Instructions for the task
With pictures left out, set down exactly the lines from the line containing "مباريات الأسبوع.. مواجهات" through the last line of the data.

Records contained in a dataset
——
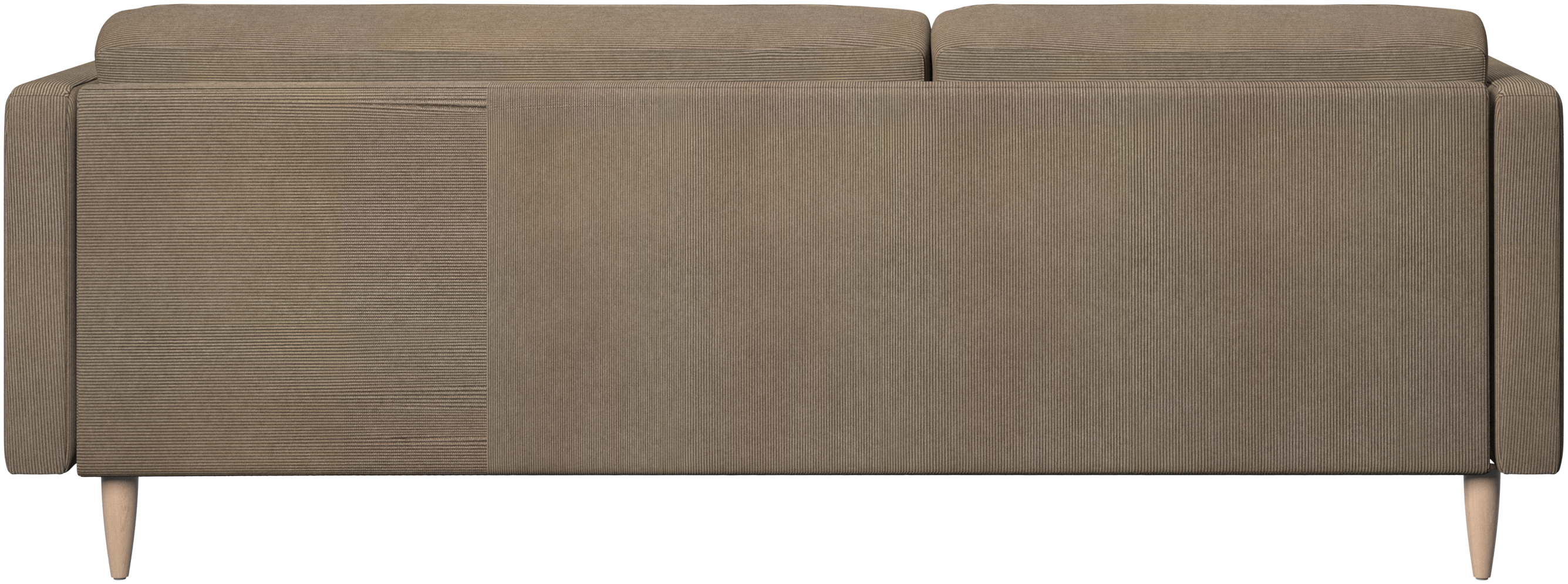 The seat cushions are attached with Velcro preventing the cushions from sliding as well as the ends flipping up when seated in the middle. A small, but important detail that ensures a neat look and allows for easy vacuum cleaning underneath.
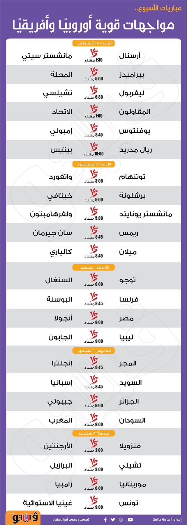 مباريات الأسبوع.. مواجهات قوية أوروبيًا وأفريقيًا | انفوجراف الجمعة 27/أغسطس/2021 - 07:03 م 8/27/2021 7:03:43 PM مباريات الأسبوع اسامة حافظ شارك طباعة 18 حجم الخط شارك طباعة مانشستر سيتي مانشستر يونايتد ليفربول مصر مباريات الاسبوع
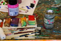 Anfangs ließ er viel Freiheit beim Ausprobieren verschiedenster Techniken: tuschen, kreiden, zeichnen, malen, tupfen, pinseln, kleben, spachteln, kratzen. So kamen Acrylfarbe, Tinte und Tusche, unterschiedliche Pinsel, Rollen, Schwämme, Kreppband und Spachtel zum Einsatz.
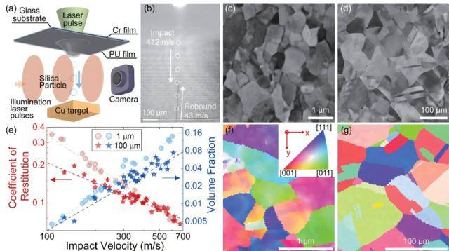 这套设备堪称微观世界的“超速发射器”,能通过激光脉冲将微米级的粒子加速到超音速,再精准轰击金属样本。在此之前,受技术限制,科学界很难精准复刻这种极高应变率的变形过程,这也让极端条件下的金属性能一直存在研究空白。
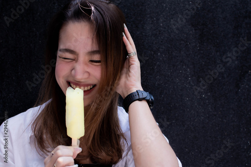 Asian beautiful woman is eating lemon icecream
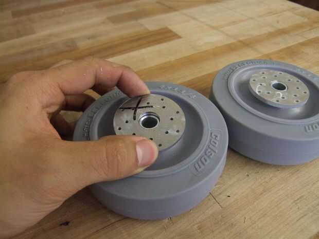 Con la placa de centro se deslizó sobre la rueda Colson, utilice un taladro con la broca #42 para perforar un agujero de aproximadamente 1/2" profundamente en el Colson, con un orificio interno en la placa del eje como guía.
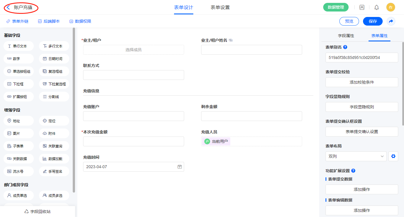 2.3、表单【业主账户】字段及表单属性设置
——
Problem solution
 مباريات الأسبوع.. مواجهات قوية أوروبيًا وأفريقيًا | انفوجراف الجمعة 27/أغسطس/2021 - 07:03 م 8/27/2021 7:03:43 PM مباريات الأسبوع اسامة حافظ شارك طباعة 18 حجم الخط شارك طباعة مانشستر سيتي مانشستر يونايتد ليفربول مصر مباريات الاسبوع
 Anfangs ließ er viel Freiheit beim Ausprobieren verschiedenster Techniken: tuschen, kreiden, zeichnen, malen, tupfen, pinseln, kleben, spachteln, kratzen. So kamen Acrylfarbe, Tinte und Tusche, unterschiedliche Pinsel, Rollen, Schwämme, Kreppband und Spachtel zum Einsatz.
 这套设备堪称微观世界的“超速发射器”,能通过激光脉冲将微米级的粒子加速到超音速,再精准轰击金属样本。在此之前,受技术限制,科学界很难精准复刻这种极高应变率的变形过程,这也让极端条件下的金属性能一直存在研究空白。
 Asian beautiful woman is eating lemon icecream
 Con la placa de centro se deslizó sobre la rueda Colson, utilice un taladro con la broca #42 para perforar un agujero de aproximadamente 1/2" profundamente en el Colson, con un orificio interno en la placa del eje como guía.
 2.3、表单【业主账户】字段及表单属性设置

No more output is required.